When I began working at an in-house job after five years as a freelancer, I was shocked to see other employees texting away during meetings. They entered the conference room glued to their mobiles and rarely looked up from their devices as the meeting continued. Somehow they managed to make comments and answer questions without taking their eyes off the glowing presences in their palms.

I was witnessing the phenomenon of multitasking. Or what I thought was multitasking. Since then I have learned something.

Multitasking is not possible.

In our era of advanced information processing and connectivity, we think can we do it all, all the time. We relentlessly input this and output that, fingers darting across the surfaces of iPhones, iPods, laptops, or desktops. But what is called “multitasking” is actually not multitasking. According to John Medina, Ph.D., a developmental microbiologist and the author of Brain Rules:  “Research shows that we can’t multitask. We are biologically incapable of processing attention-rich inputs simultaneously.”

When we think we’re doing many things at once, we’re actually rapidly switching between tasks. As studies show, this behavior doesn’t save time or increase efficiency, but it does have one effect: it worsens performance. Multitasking also changes the way our brains are supposed to work.

Divide and…Be Conquered

When we pay attention to something, both the right and left sides of the prefrontal cortex in our brain are activated. The two sides work together, as well as coordinate messages with other areas of the brain to enhance performance. The posterior parietal lobe (behind the cerebral cortex) helps manage switching between tasks. Meanwhile, the anterior cingulate gyrus (above the corpus callosum, the bundle of nerve fibers that connects the two hemispheres of the brain) looks out for errors in our performance. The alliance between the two sides of prefrontal cortex is compromised when we multitask because then the left side of the brain focuses on one task and the right side focuses on the other.

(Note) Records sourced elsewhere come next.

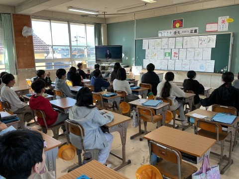 目標の話や5年生の総合的な学習の時間の発表、6年生からの感謝の言葉などがありました。
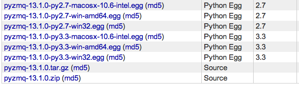 $ pip install -U pip ... $ pip install --use-wheel pyzmq
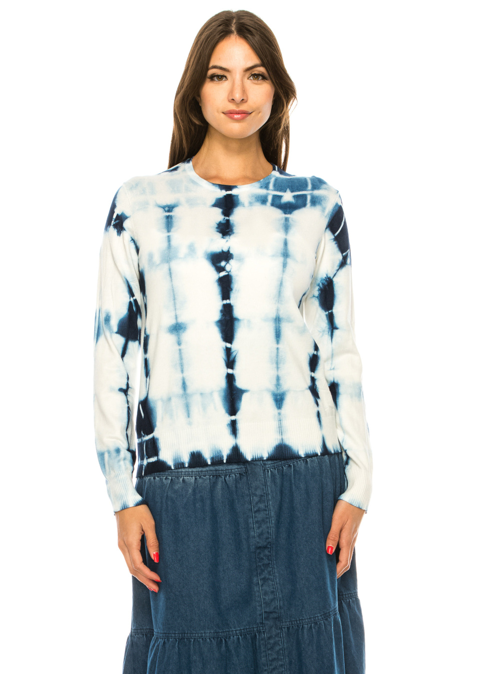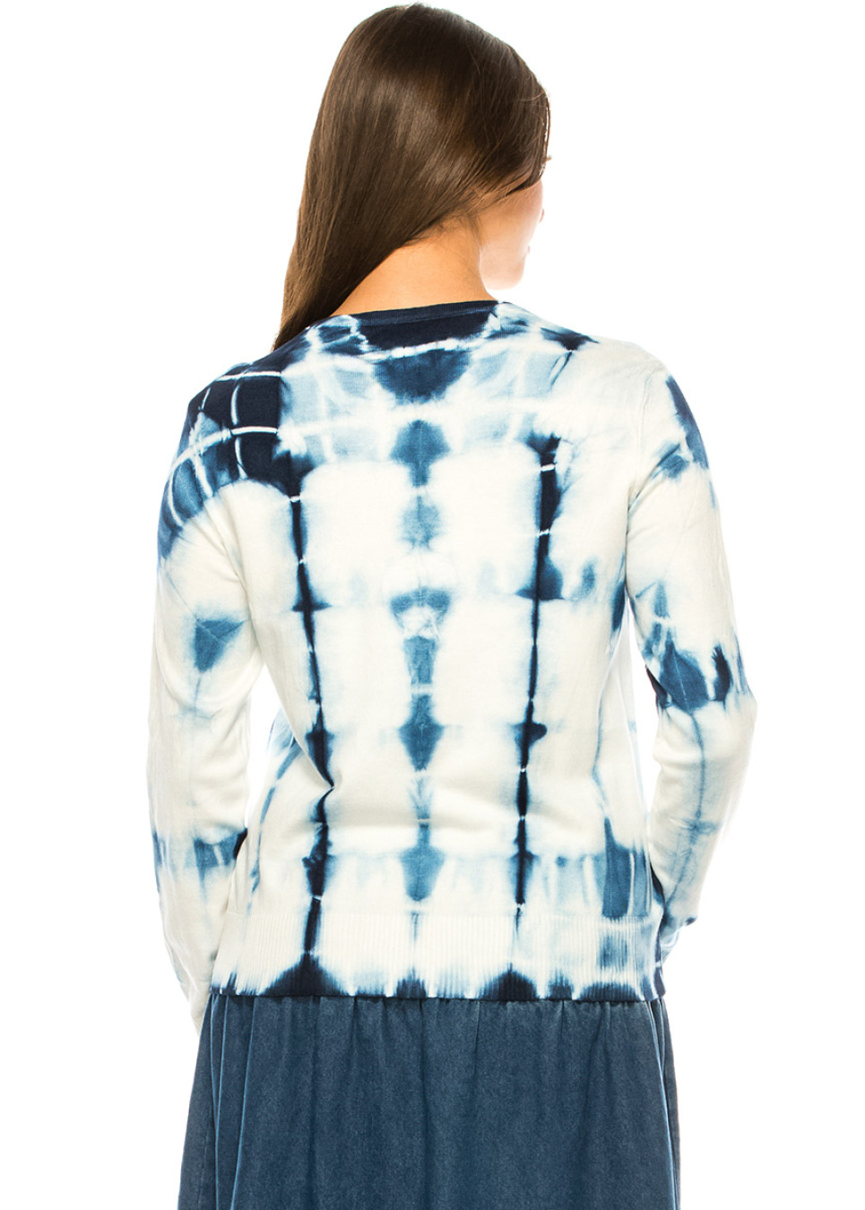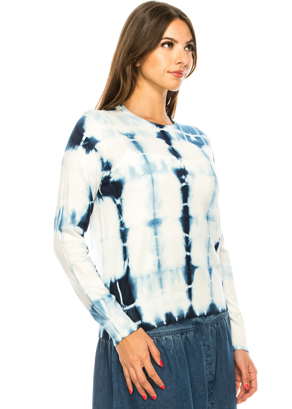 Get ready for the tie-dye trend with this white and blue sweater. The unique and playful tie-dye pattern makes a statement, while the ribbed hem and cuffs add a touch of sophistication. The soft fabric will keep you cozy all day long.

Differences in brain activity between mono- and multitasking have been detected via brain imaging, as shown by a study conducted at the Institut National de la Santé et de la Recherche Médicale (INSERM) in Paris.1 Researchers measured brain patterns with magnetic resonance imaging (MRI) in study participants who had been asked to complete two tasks involving letter matching at the same time. When told they would be given a greater reward for completing one of the tasks, one side of the prefrontal cortex became more active. When told the reward would be larger for the other task, activity increased in the other side of the brain.

Do You Suffer from “Inattentional Blindness?”
People who talk on a cellphone while walking are much less cognizant of what’s around them—even when a startling image comes into view. One study found that passersby talking on their mobiles were much less likely to notice or remember a clown riding a unicycle past them than those not using a cellphone.

If the brain devotes one side of itself for each of two tasks, what happens when there are three tasks? When participants were asked to complete three, they often forgot one of the tasks altogether. They also made three times as many errors compared to handling two tasks.

Since switching happens so quickly that we barely perceive it, you might think it doesn’t matter. But when this tiny delay is repeated over and over, the inefficiency can add up. According to behavioral scientist Susan Weinschenk, Ph.D., in Psychology Today, even switches lasting only one-tenth of a second could reduce daily productivity by 40%.2

Relentless switching impairs our ability to filter out irrelevant stimuli and prioritize information, and it may cause us to favor one target of our attention over another without good reason. We may linger longer on what’s easier to take in, for example, even if the value of the content is low.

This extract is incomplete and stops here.